Shell has signed Master Service Agreements (MSAs) with AT&T (network and telecommunications), Deutsche Telekom’s T-Systems unit (hosting and storage) and EDS (end user computing and integration). The total value of the deal to the three suppliers will be in excess of $4.0 billion. The outsourcing of Shell’s IT and communications (ITC) services will kick-off in July 2008. The agreement will see some 3,000 Shell employees and contractors around the world transfer to the suppliers. Shell will retain ‘strategic management’ ITC staff.
Shell CIO Alan Matula said, ‘This deal is a major strategic choice for Shell and will enhance our ability to respond to the growing demands of our businesses. It allows Shell to focus on Information Technology that drives our competitive position in the oil & gas market, while suppliers focus on improving essential IT capability.’
Business transformation TPI of The Woodlands, Texas, advised Shell on the deal.
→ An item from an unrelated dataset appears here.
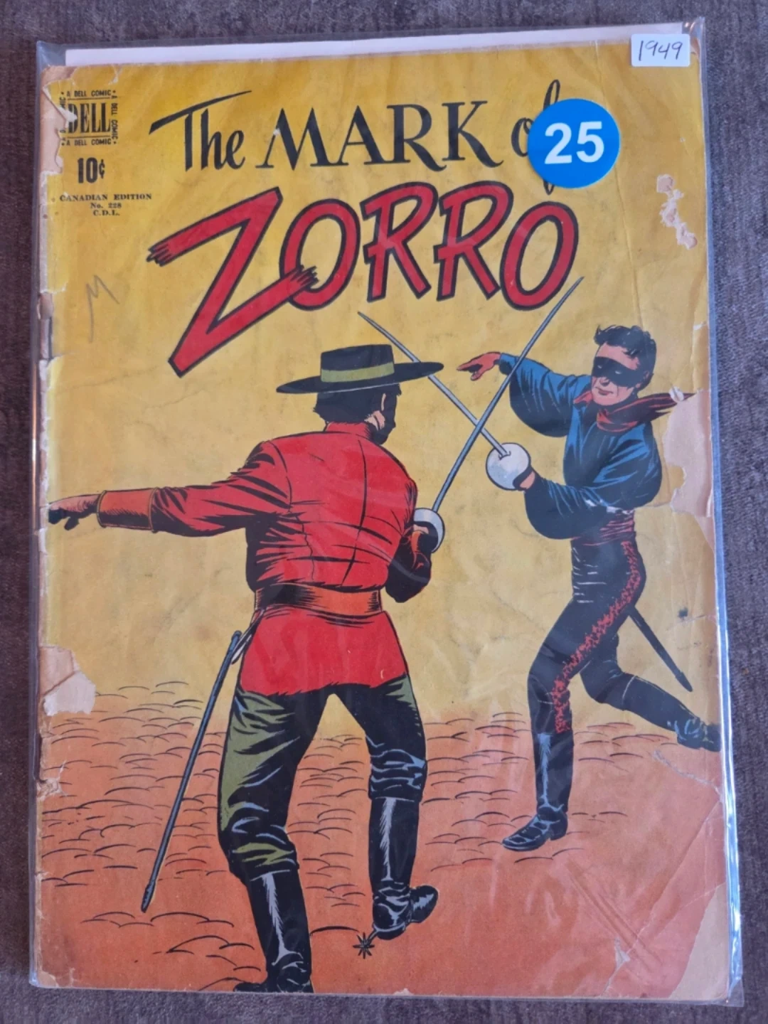 This is The Mark of Zorro comic book, issue #228. It's a Canadian Edition published by Dell Comics in 1949. The cover shows a duel between Zorro and another character. Some wear is visible on the cover's edges.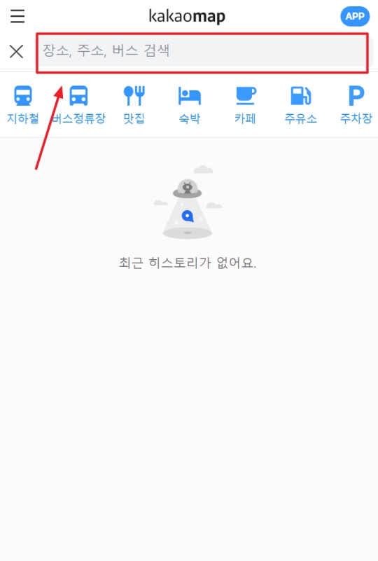 검색창을 누르니 최근 검색 기록이 없어서 최근 히스토리가 없어요라는 문구가 보였어요. 화면에는 지하철, 버스정류장, 맛집 등 여러 아이콘이 나타났는데, 저는 이런 분류를 통하기보다 상단의 검색창에 바로 목적지를 입력하는 게 더 편하더라고요. 그래서 원하는 목적지를 직접 입력해봤습니다.

TPI partner Elesh Khakhar commented, ‘By providing integrated services to more than 1,500 sites in over 100 countries, Shell’s approach combines all the advantages of decentralized service provision with the benefits and efficiency of a centralized governance structure. Shell will be able to exploit emerging commoditized services designed for the consumer market, such as email or internet phone services and integrate them within their services when they become robust enough for commercial use.’
EDS EMEA VP Bill Thomas added, ‘Our global presence and experience as integrator on large-scale IT outsourcing projects will help reduce management complexity in Shell’s IT environment.’
We led last month with a Microsoft announcement that also touched on Shell’s communications strategy. It’s not clear quite how all the new deals interrelate—but it sure would be nice to have a peek at the service level agreements that navigate from Shell, through TPI, EDS, T-Systems, AT&T, Microsoft and Nortel. That’s one heck of a phone call!